# [YOUR TASK]
Write out all of the records below precisely as given, omitting the images.

# [Dataset records]
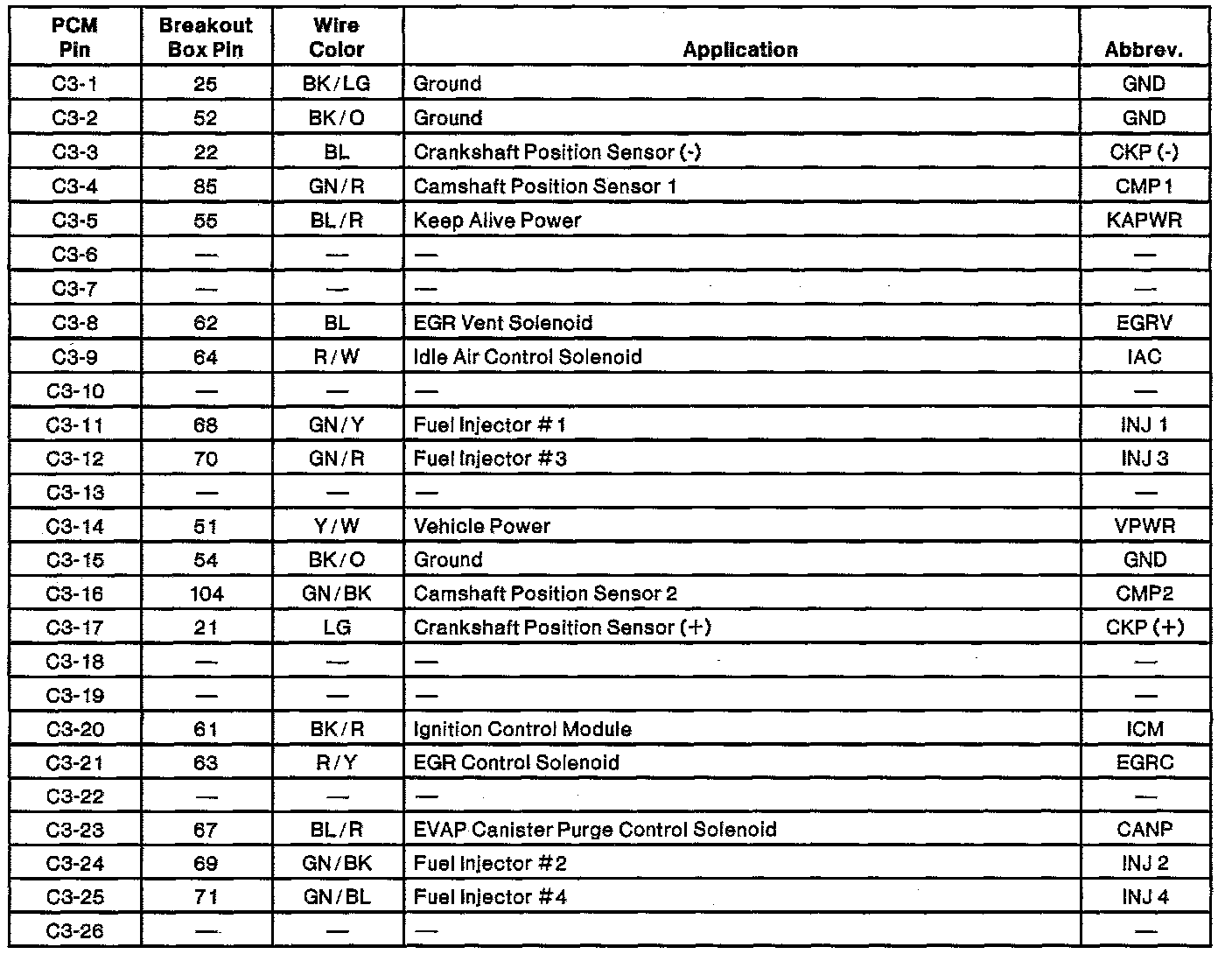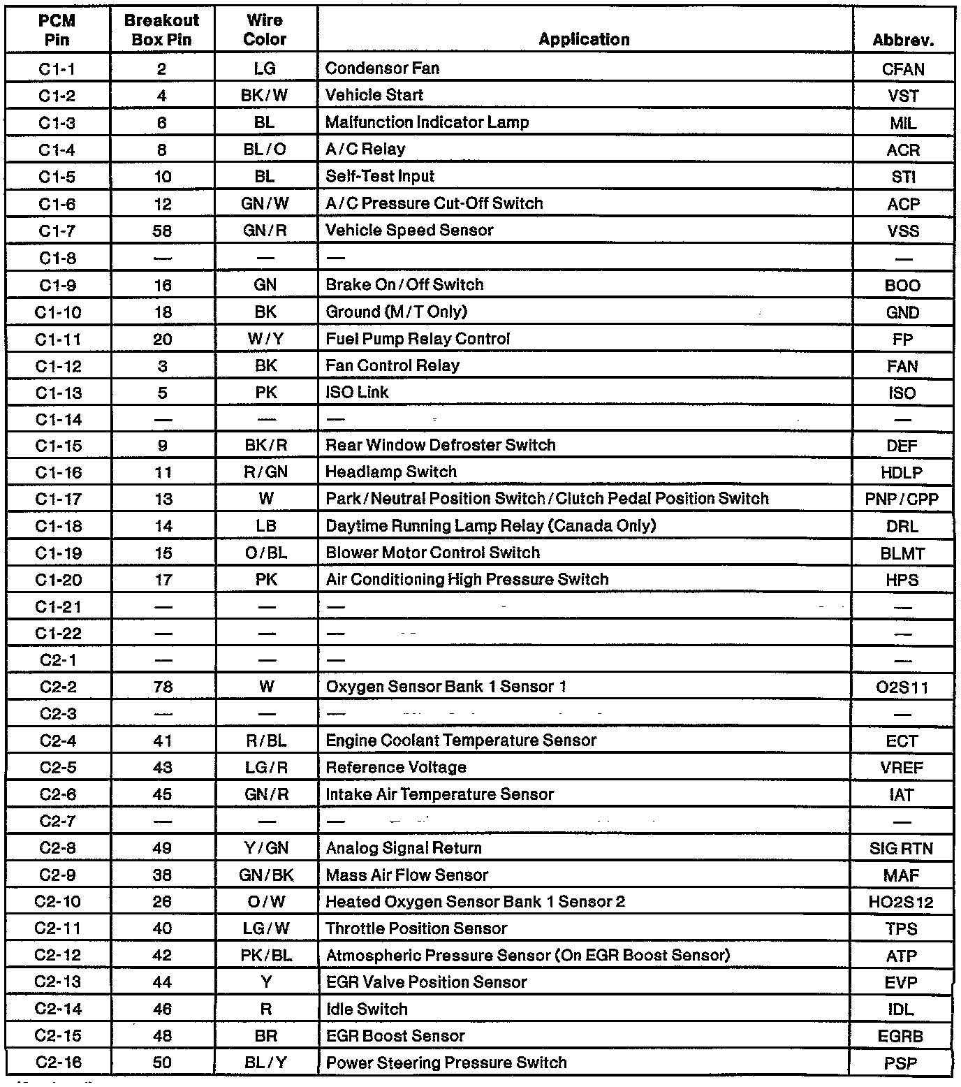 Powertrain Control Module (PCM) Connector Pin Usage:
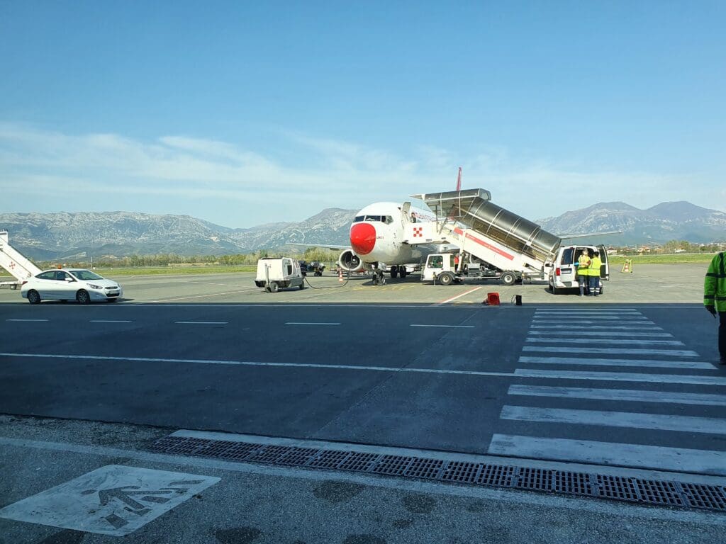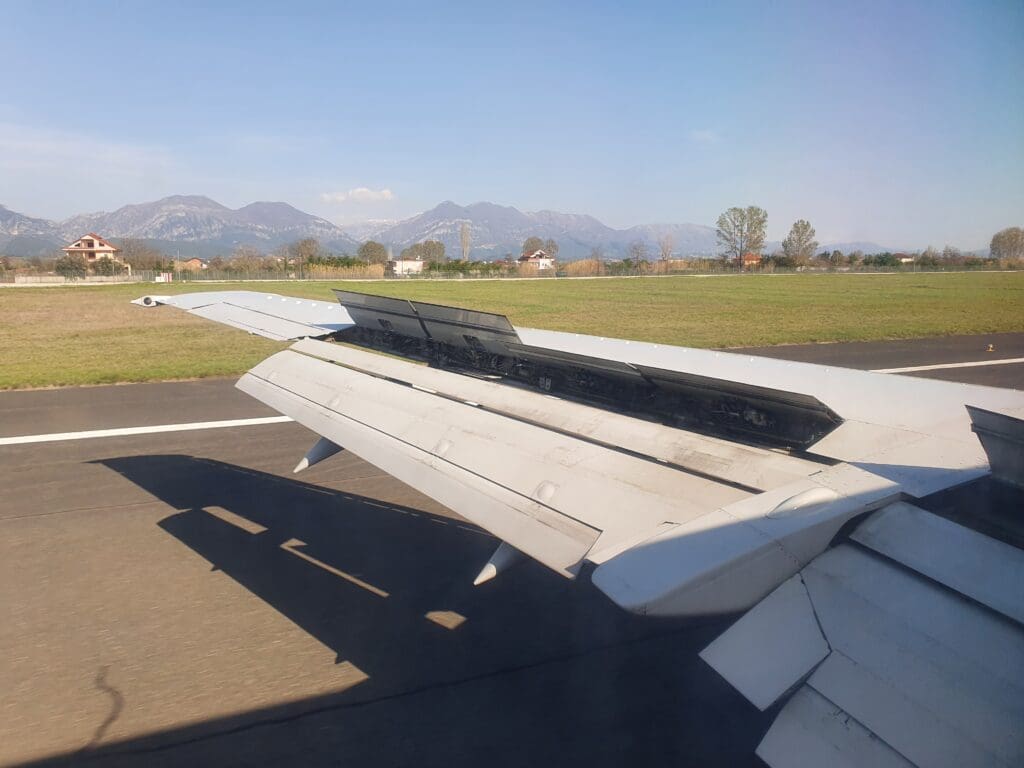 As the aircraft neared the airport, the hills flattened out a little and soon the flaps and landing gear were extended as we crossed over a cluster of villages sitting near the airport. Following an hour and three minutes in the air, at 1615 the Boeing crossed over Tirana Airport’s perimeter fence and touched down with a gentle bump on Tirana Airport’s Runway 17. Once on the ground, the sound of the engines filled the cabin as the reverse thrust was applied and the jet decelerated rather quickly before vacating the runway to the right and following a follow-me car to the terminal. In the usual matter, at this time a flight attendant welcomed all to Tirana and thanked passengers for flying with Albawings.
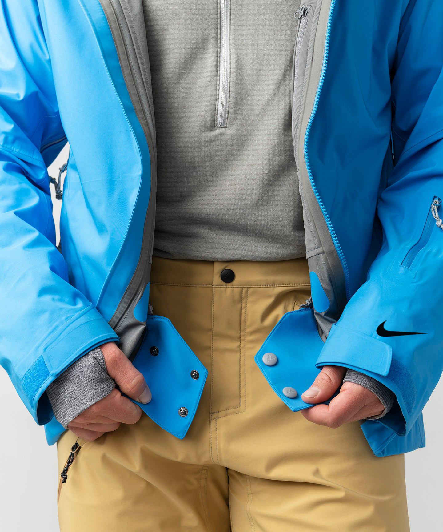- Adjustable (& removable) 4-way stretch powder skirt with gripper elastic for deep powder days. Full length interior windguard keeps breeze out. Integrated helmet compatible hood with 3-point adjustment for inclement weather.
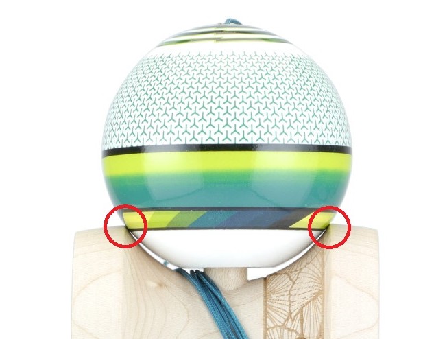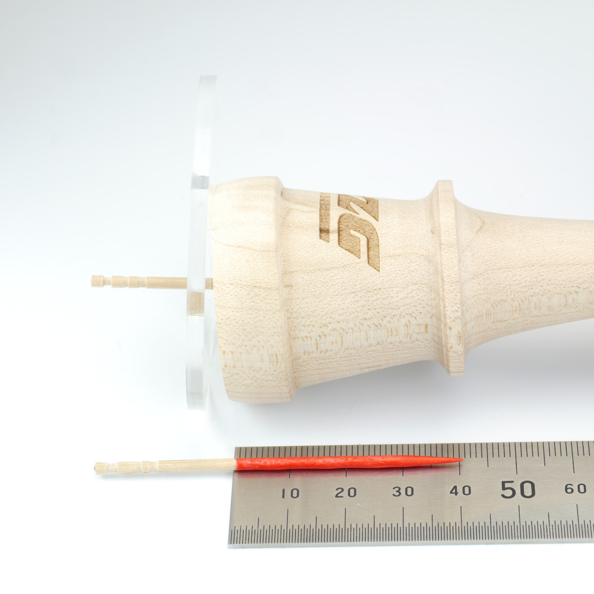 KWC(けん玉ワールドカップ)で使用できるけん玉は全長170mm/横幅75mm以下というルール(※)があるのですが、新作アンプシェイプの実測値はほぼ規定値いっぱいのフルサイズ化しました。
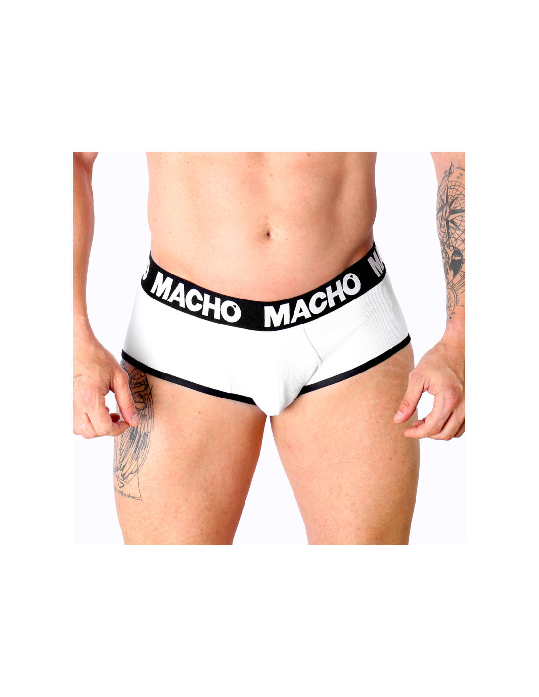 SLIP MACHO BLANCO - Slip de corte clásico, sin perder la comodidad y con una excelente transpirabilidad por su tejido de lycra adaptable. Este material de excelente calidad se adapta de la manera más suave posible al cuerpo y tiene una copa de realce en la zona de los genitales, para realzar aquello que llevas en tu interior.
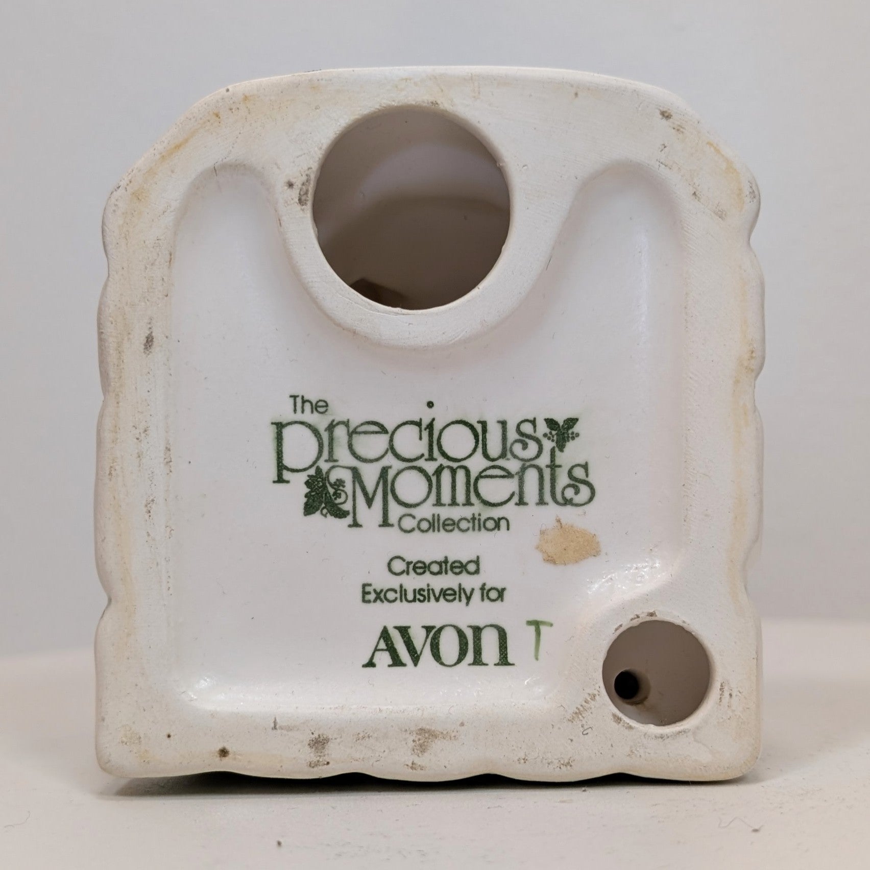 This figurine, titled "My First Call", is part of the "Cherished Moments" series, which was exclusive to those in the Avon Presidents club.
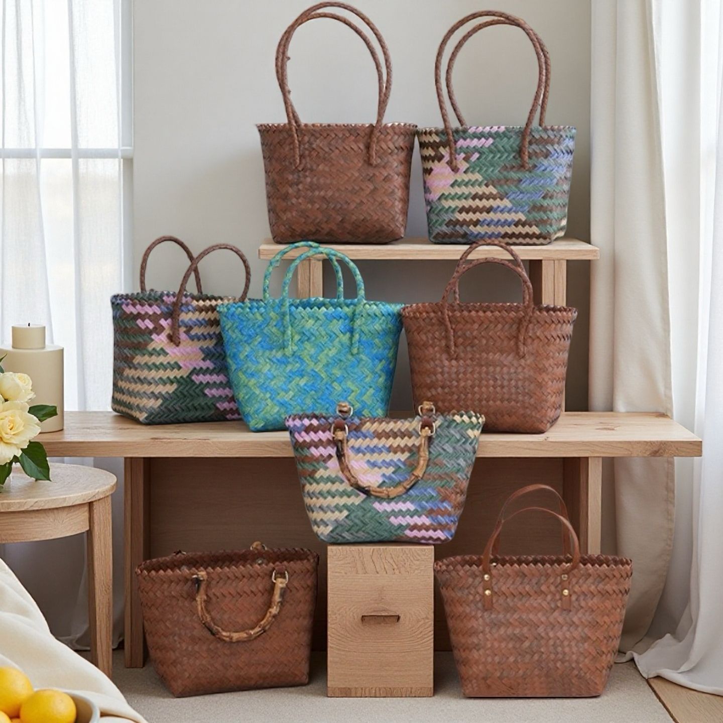 brown large size/bamboo joint handle, brown large size/short handle, brown large
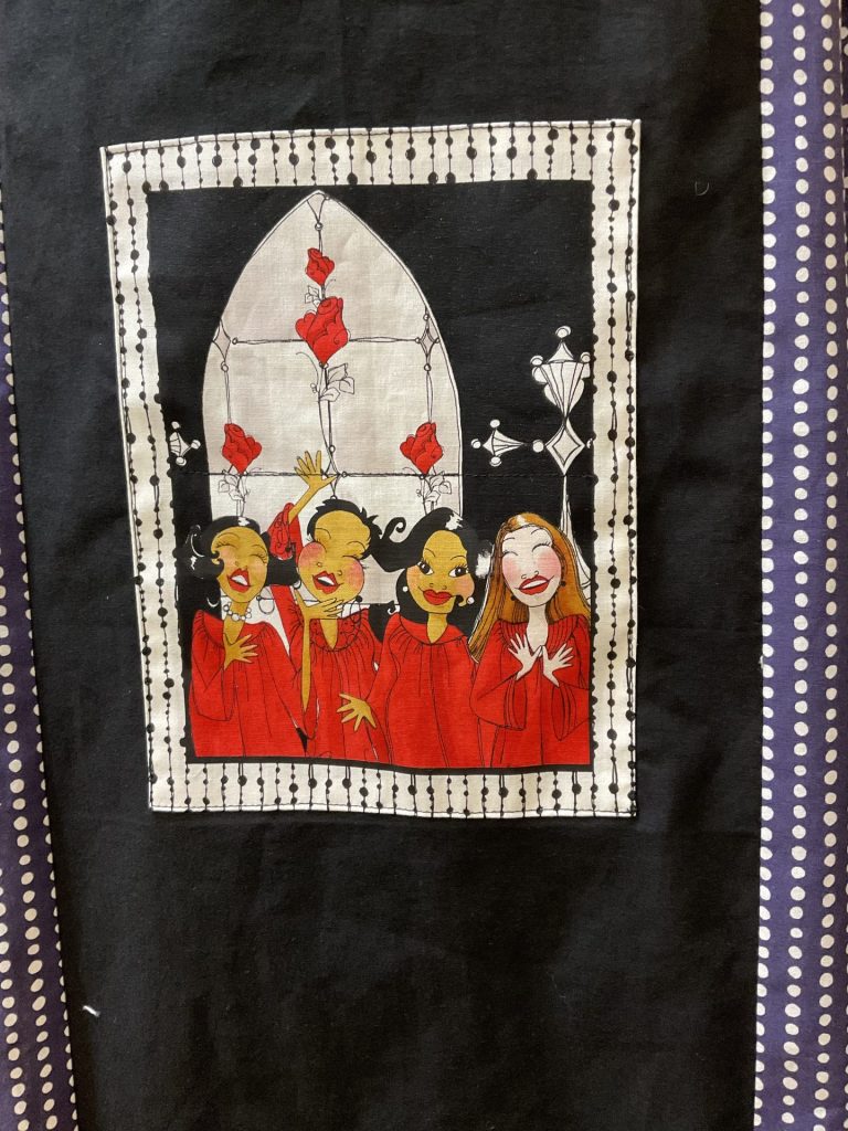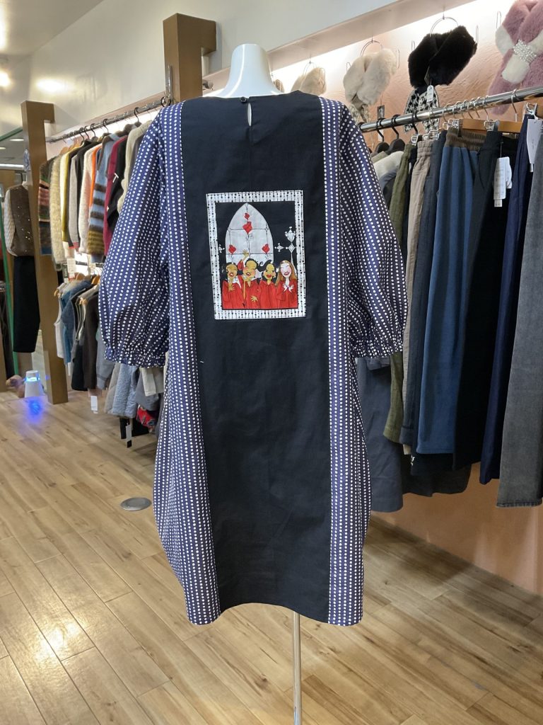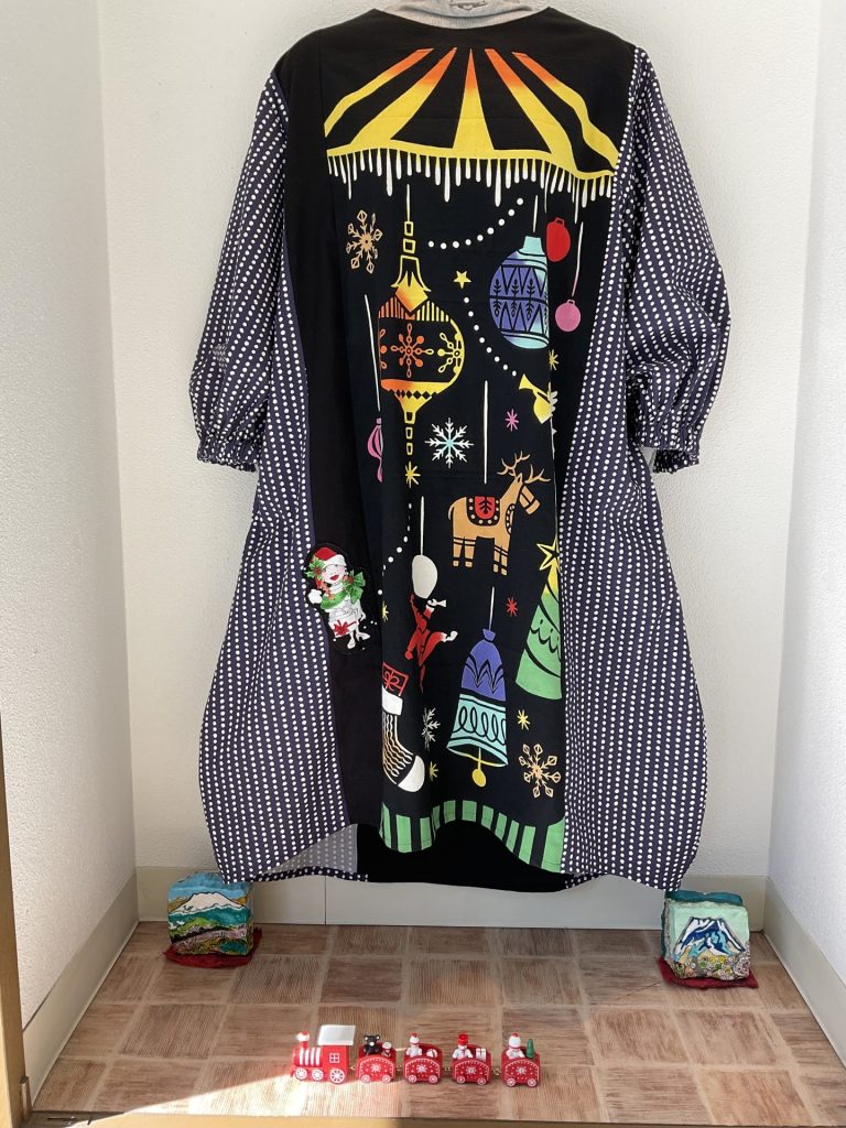 🎄Xmas用のバルーン袖エプロンドレスです。前面はおなじみ手ぬぐいで、背面は「Loralie Harris」のゴスペルクワイア柄の生地を貼り付けました。サイズはフリーで価格は税込み¥10,450となります。この遊び心を理解してくださる方、どうぞお問合せをお待ちしております。

# [ANSWER SPACE]
 Powertrain Control Module (PCM) Connector Pin Usage:
 As the aircraft neared the airport, the hills flattened out a little and soon the flaps and landing gear were extended as we crossed over a cluster of villages sitting near the airport. Following an hour and three minutes in the air, at 1615 the Boeing crossed over Tirana Airport’s perimeter fence and touched down with a gentle bump on Tirana Airport’s Runway 17. Once on the ground, the sound of the engines filled the cabin as the reverse thrust was applied and the jet decelerated rather quickly before vacating the runway to the right and following a follow-me car to the terminal. In the usual matter, at this time a flight attendant welcomed all to Tirana and thanked passengers for flying with Albawings.
- Adjustable (& removable) 4-way stretch powder skirt with gripper elastic for deep powder days. Full length interior windguard keeps breeze out. Integrated helmet compatible hood with 3-point adjustment for inclement weather.
 KWC(けん玉ワールドカップ)で使用できるけん玉は全長170mm/横幅75mm以下というルール(※)があるのですが、新作アンプシェイプの実測値はほぼ規定値いっぱいのフルサイズ化しました。
 SLIP MACHO BLANCO - Slip de corte clásico, sin perder la comodidad y con una excelente transpirabilidad por su tejido de lycra adaptable. Este material de excelente calidad se adapta de la manera más suave posible al cuerpo y tiene una copa de realce en la zona de los genitales, para realzar aquello que llevas en tu interior.
 This figurine, titled "My First Call", is part of the "Cherished Moments" series, which was exclusive to those in the Avon Presidents club.
 brown large size/bamboo joint handle, brown large size/short handle, brown large
 🎄Xmas用のバルーン袖エプロンドレスです。前面はおなじみ手ぬぐいで、背面は「Loralie Harris」のゴスペルクワイア柄の生地を貼り付けました。サイズはフリーで価格は税込み¥10,450となります。この遊び心を理解してくださる方、どうぞお問合せをお待ちしております。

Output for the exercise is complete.